But Mary’s “Do whatever he tells you,” showing her total confidence in Jesus despite his apparent refusal,[9] completely and perfectly reverses the human distrust of God that caused that primordial separation. Whereas Mary’s fiat (“let it be done,” Luke 1:38) reveals her as the model of trust and obedience, her facite (“do”) reveals her as the model of instruction and mission. No prophet or patriarch could have better summarized the correct human response to God, for the entirety of her authority derives from and points to that of Jesus. The command from her that initiates the process of water becoming wine, through human cooperation with divine action (John 2:6-10), prophetically anticipates the command from her son at the Last Supper (“do this”) that leads to wine becoming his blood (1 Corinthians 11:25; cf. Luke 22:19-20).[10] Through her intercession, her action-inspiring teaching, and her unwavering faith even in the face of a seeming rebuff, the wedding feast—the chief symbol of our ultimate reconciliation with God and one another (Revelation 19:6-8)—resumes in a superabundance of joy.

Like the Gospel’s prologue (John 1:1-18), the episode plays out in miniature the whole drama of salvation history. Even so, God has a still more brilliant and satisfying twist in store.

The Finale

Christianity is a teleological religion, constantly looking toward the telos, the final end at which something aims. The telos of an acorn is to be an oak tree; the telos of human life is intimacy with God, who is love. When Jesus summarizes his moral teaching, “You, therefore, must be perfect, as your heavenly Father is perfect” (Matthew 5:48), the word is teleios, literally, “having reached your telos.” When Jesus says, “It is finished” (John 19:30), the verb is tetelestai, “the telos has been reached.” The Greek also means “it is consummated.” It makes sense that the telos of Jesus’s life would be his death, the completion of the Passover ritual through which he became the efficacious sacrificial offering for our sins and sealed the new marital covenant with his people.[11] And yet, that is not what the Scripture says.

The account of Jesus’s death in the Gospel of John, the beloved disciple who was standing at the foot of the Cross, presents another puzzle. For the second and final time, Jesus addresses his mother as “Woman”:

When Jesus saw his mother, and the disciple whom he loved standing near, he said to his mother, “Woman, behold, your son!” Then he said to the disciple, “Behold, your mother!” And from that hour the disciple took (elaben) her to his own home (eis ta idia).

After this Jesus, knowing that all was now finished (tetelestai), said (to fulfill [hina teleiōthēi] the scripture), “I thirst.” A bowl full of vinegar stood there; so they put a sponge full of the vinegar on hyssop and held it to his mouth.

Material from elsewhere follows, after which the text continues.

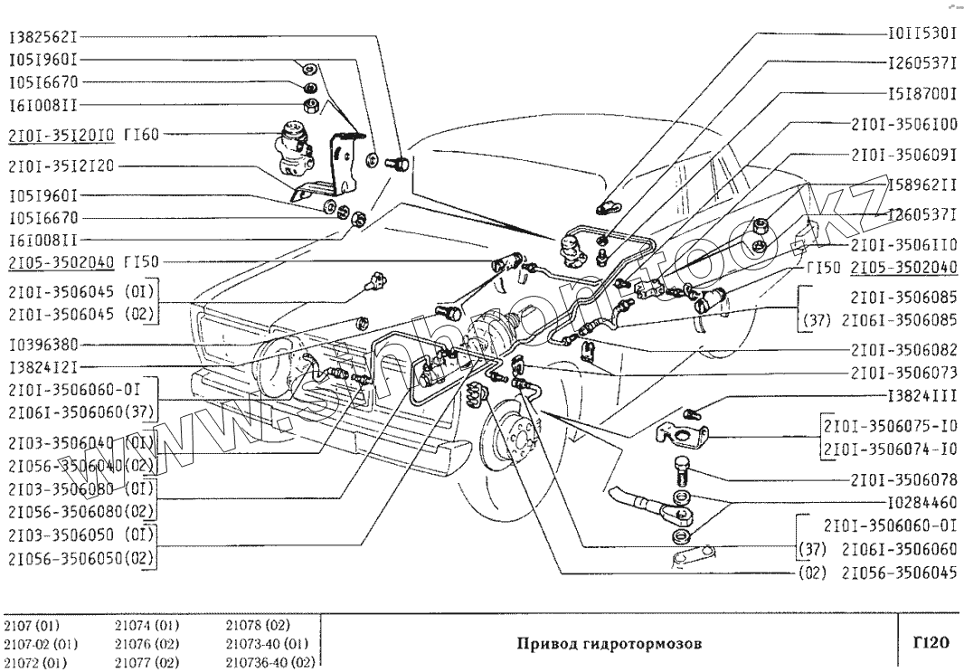 Каталог запасных частей к технике: ВАЗ-2107. Привод гидротормозов
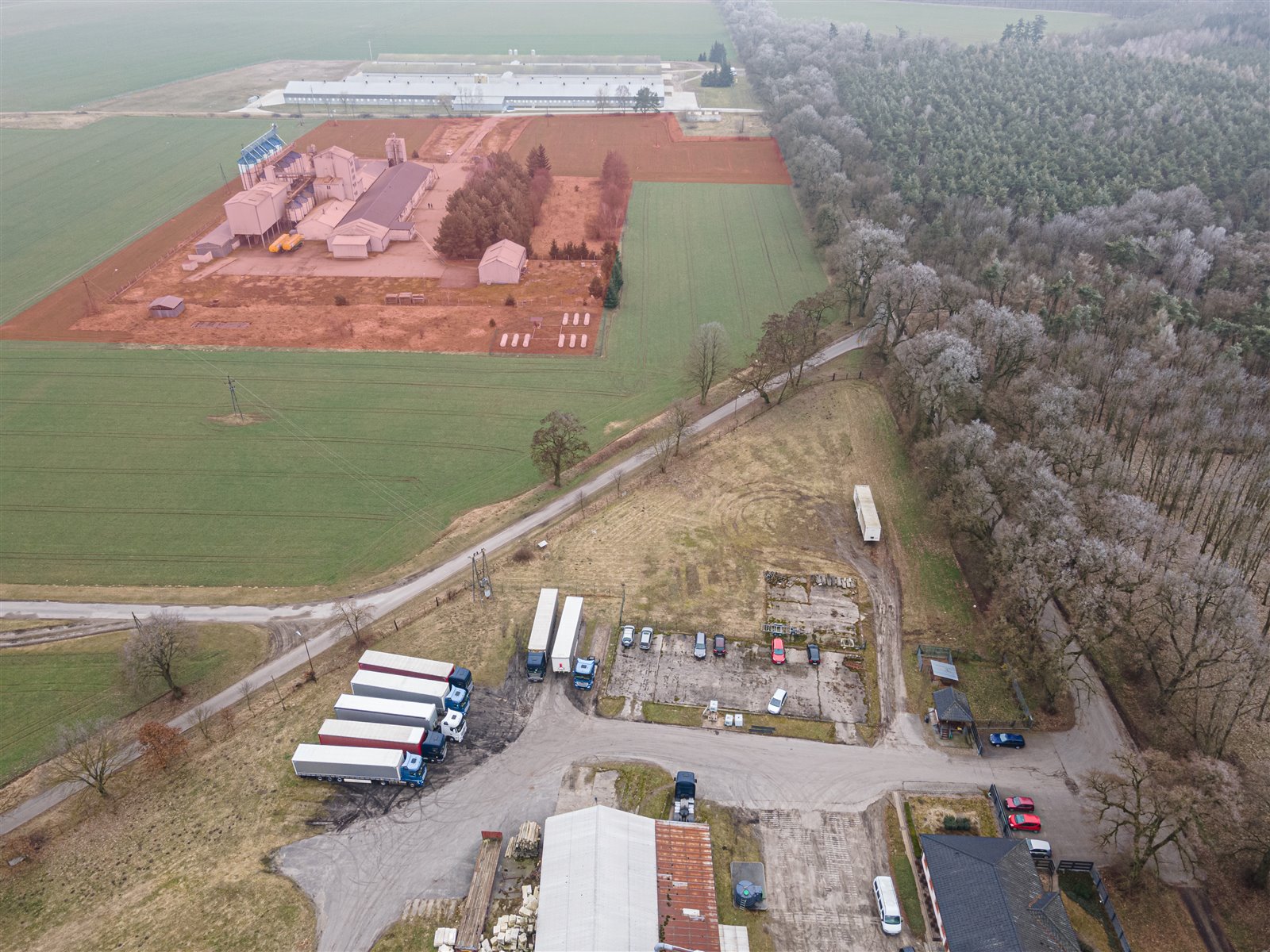 The total area of the buildings is 3,244 m2. The buildings were built in the 1970s and modernized around 2006. The production tower building was built in 2006. The total area of hardened surfaces with concrete blocks (access roads, maneuvering areas) is approximately 6,300 m2. The currently non-built-up area is used for agricultural cultivation.

When Jesus had received the vinegar, he said, “It is finished” (tetelestai); and he bowed his head and gave up his spirit (John 19:26-30).

The words translated “finish” and “fulfill” are both from teleō. Though commentators tend to gloss over it, verse 28 contains a shocking surprise:[12] “After this, Jesus, knowing that everything had now reached its telos (tetelestai)” implies that this, the adoption ceremony, was the telos. We would expect the Gospel to say, “seeing that everything was about to reach its telos,” given Jesus’s subsequent action: “so that Scripture might reach its telos” (teleiōthēi, the only place in John’s Gospel where Scripture “fulfilled” uses the verb teleō rather than plēroō), he drank the Fourth Cup to complete the paschal sacrifice, and then with his dying breath said, “the telos has been reached (tetelestai).” In his meditation on The Way of the Cross, Josemaría Escrivá paraphrases the verse precisely this way: “Then, knowing that all things are to be accomplished, that the Scriptures may be fulfilled he says: ‘I am thirsty.’ (John 19:28).”[13] But the Gospel in fact states that Jesus knew the telos of everything had already been reached, the consummation already achieved, before he drained that cup.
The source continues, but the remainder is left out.